Mon Jun 21 23:09:35 UTC 2010

On Fri, 18 Jun 2010 12:42:46 +0200
Heinz Mauelshagen <heinzm at redhat.com> wrote:

> On Fri, 2010-06-18 at 13:52 +1000, Neil Brown wrote:
> > On Thu, 17 Jun 2010 12:47:00 +0200
> > Heinz Mauelshagen <heinzm at redhat.com> wrote:
> > 
> > > On Thu, 2010-06-17 at 15:41 +1000, Neil Brown wrote:
> > > > On Wed, 16 Jun 2010 13:26:27 +0200
> > > > Heinz Mauelshagen <heinzm at redhat.com> wrote:
> > > > 
> > > > > On Wed, 2010-06-16 at 09:45 +1000, Neil Brown wrote:
> > > > > > Hi Heinz,
> > > > > > 
> > > > > > On Tue, 15 Jun 2010 15:23:26 +0200
> > > > > > Heinz Mauelshagen <heinzm at redhat.com> wrote:
> > > > > > 
> > > > > > > 
> > > > > > > Neil,
> > > > > > > 
> > > > > > > for missing devices we (re)load the table with error mapped device(s) in
> > > > > > > their place rather than identifying them with a special char/string.
> > > > > > > Did you go for the later in order to avoid some MD hassle with error
> > > > > > > targets being accessed by the MD personalities? If not so, we can drop
> > > > > > > the special '-' char support to identify missing devices.
> > > > > > 
> > > > > > When raid5 determines that a device has failed and so it will not write to it
> > > > > > again, it must be sure that the failure is record in the metadata before it
> > > > > > proceeds with that decision not to even try writing to the failed device.
> > > > > 
> > > > > Yes, that's the mandatory order to avoid data loss.
> > > > > 
> > > > > > Otherwise a crash/restart before the metadata was safely updated would result
> > > > > > in corruption.
> > > > > > 
> > > > > > This means that it must be possible for user-space to explicitly tell the
> > > > > > raid5 that a device is known to be faulty.
> > > > > > Doing that through the constructor seems the natural way to do it.
> > > > > 
> > > > > If /dev/mapper/error with an error target mapping would be used instead,
> > > > > would that cause consistency troubles to the MD personality if accessing
> > > > > those rather than the NULL device solution with the '-' argument you
> > > > > have now?
> > > > > If not so, we could drop the '-' support, which I'm aiming at.
> > > > > 
> > > > 
> > > > I would need to differentiate between /dev/mapper/error (where errors are
> > > > expected) and any other device (where errors are not expected).  How do you
> > > > propose I do that?
> > > 
> > > Is that differentiation mandatory for the MD personality at all?
> > 
> > I thought we had already agreed that it was.
> 
> No ;)
> 
> The following is based on the assumption, that you're refering to MD
> metadata...

Ahhh.... No, I'm not.
My dm-raid45 doesn't see any metadata directly.
Metadata much be handled entirely by user-space, whether lvm or dmraid or
something else.  It will pass the important information from the metadata to
dm-raid45, largely via the target constructor line.

> 
> > 
> > If the metadata records that a device is working, then raid5 will not expect
> > an error and if it gets one it must wait for the metadata to be updated.
> > If the metadata records that a device is not working, then raid5 will never
> > bother even trying to write to that device.
> 
> So that will allow for a /dev/mapper/error device instead of the '-'
> because like you say, RAID5 is not going to write to it anyway.

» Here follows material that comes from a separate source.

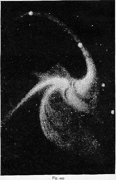 В 1911 году Эммануил Пален исследовал два самых ярких спиральных рукава галактики и обнаружил, что их форма описывается логарифмическими спиралями с разными углами закрутки. В 1915 году Фрэнсис Пиз измерил лучевую скорость галактики по её спектру и получил значение в −278 км/с, а в следующем году он же обнаружил различие в скорости ядра и одной из эмиссионных туманностей, благодаря чему сделал вывод о вращении галактики[67].

But RAID5 doesn't *know* that it shouldn't write to it unless you tell it some
how.  That is what "-" means.  It means "the metadata records this device has
failed or missing, and so you should never try to read from or write to it".

Some how the RAID5 module needs to know that the device is failed and the
this status is recorded in the metadata.
There seem to be two proposed ways for it to find this out.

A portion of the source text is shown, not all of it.